Sometimes when plotting functions, you want to do some operation on the y-axis. This comes up when you want to plot say decibels vs. frequency. It is not clear how you can do an operation like performing 10 Log10 on the y-axis values. Is there a straight forward way to do this? Incidentally, LogPlot just gives you the y-axis in log form.

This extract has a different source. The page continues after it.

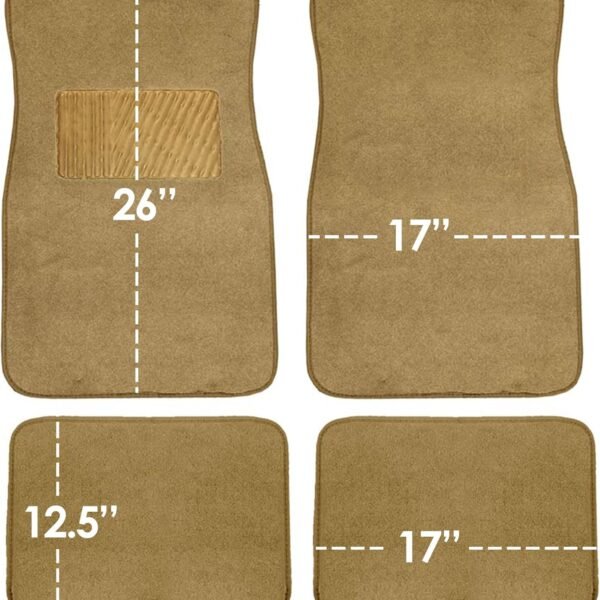 Car Floor Mat 4 Piece Set Driver’s Seat with Heel Pad Deluxe Front 66 x 43 cm Rear 32 x 43 cm Beige

POSTED BY: Jesse Sheinwald
Answer
12 days ago

Below are two methods. Here the function applied to the y data is Log, but any other will do as well. Also, have a look at LogLogPlot and LogLinearPlot.

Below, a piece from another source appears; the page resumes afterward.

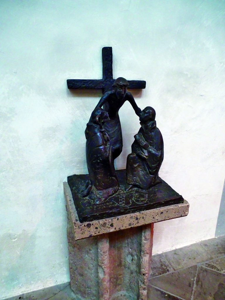 Der Altenberger Dom überstand im Laufe der Jahrhunderte etliche Krisen. 1349 starb ein Drittel der Bevölkerung im Rheinland an der Pest, 1815 wurden die meisten Bauten der Abtei und das Dach des Doms durch einen Brand der mittlerweile als chemische Fabrik dienenden Klostergebäude zerstört. Durch Witterungsschäden stürzten Anfang 1830 dann das südliche Querschiff und die Gewölbe von Vierung und Chor ein. Ein kompletter Einsturz wie bei Notre Dame in Paris blieb dem Gotteshaus aber erspart. Die Bronzeskulptur von Werner Franzen symbolisiert die Ökumene. „Als Karl Friedrich Schinkel, der Baumeister des Preußischen Königs, die Schäden inspizierte, bezeichnete er den Altenberger Dom als „ganz vollendet schön“ und bat König Friedrich Wilhelm III. um Unterstützung“, berichtet Gert Tröger weiter. Bevor die Kirche einstürzen konnte, bewilligte der König insgesamt etwa 20.000 Thaler, sein Sohn Friedrich Wilhelm IV. ließ das Gotteshaus wieder vollständig wiederherstellen.

xyData = RandomReal[{.1, 10}, {5, 2}]

(* {{3.7863585396010766`,2.0525620539014238`},{5.685398066640987`,4.\
020348266453116`},{7.6771838544964695`,9.879694699280535`},{4.\
361245849573017`,1.6275433819822656`},{7.313321495705271`,6.\
484234251087724`}} *)

(* mapping a pure function *)
oneWay = {#[[1]], Log[#[[2]]]} & /@ xyData

(* {{3.7863585396010766`,0.7190887952133352`},{5.685398066640987`,1.\
3913685323245182`},{7.6771838544964695`,2.290481610399797`},{4.\
361245849573017`,0.48707175034119526`},{7.313321495705271`,1.\
8693737307790999`}} *)

(* applying a rule *)
anotherWay = xyData /. {x_, y_} -> {x, Log[y]}

(* {{3.7863585396010766`,0.7190887952133352`},{5.685398066640987`,1.\
3913685323245182`},{7.6771838544964695`,2.290481610399797`},{4.\
361245849573017`,0.48707175034119526`},{7.313321495705271`,1.\
8693737307790999`}} *)
POSTED BY: David Keith
Answer
11 days ago

ScalingFunctions

POSTED BY: Kapio Letto
Answer
11 days ago

I think scaling functions can be used to scale the plot, but the values indicated will be the original. In cases like dB, you really want to plot 10 Log(power). Am I wrong on this?

POSTED BY: David Keith
Answer
10 days ago

David's approach is interesting, but it does not give me what I am looking for. What I ultimately want is the y-axis to be linear in decibels is 10 decibel increments. Matlab can readily do this.

Attachments:
POSTED BY: Jesse Sheinwald
Answer
9 days ago

TimeSeries are also useful for this even if the x's are not times.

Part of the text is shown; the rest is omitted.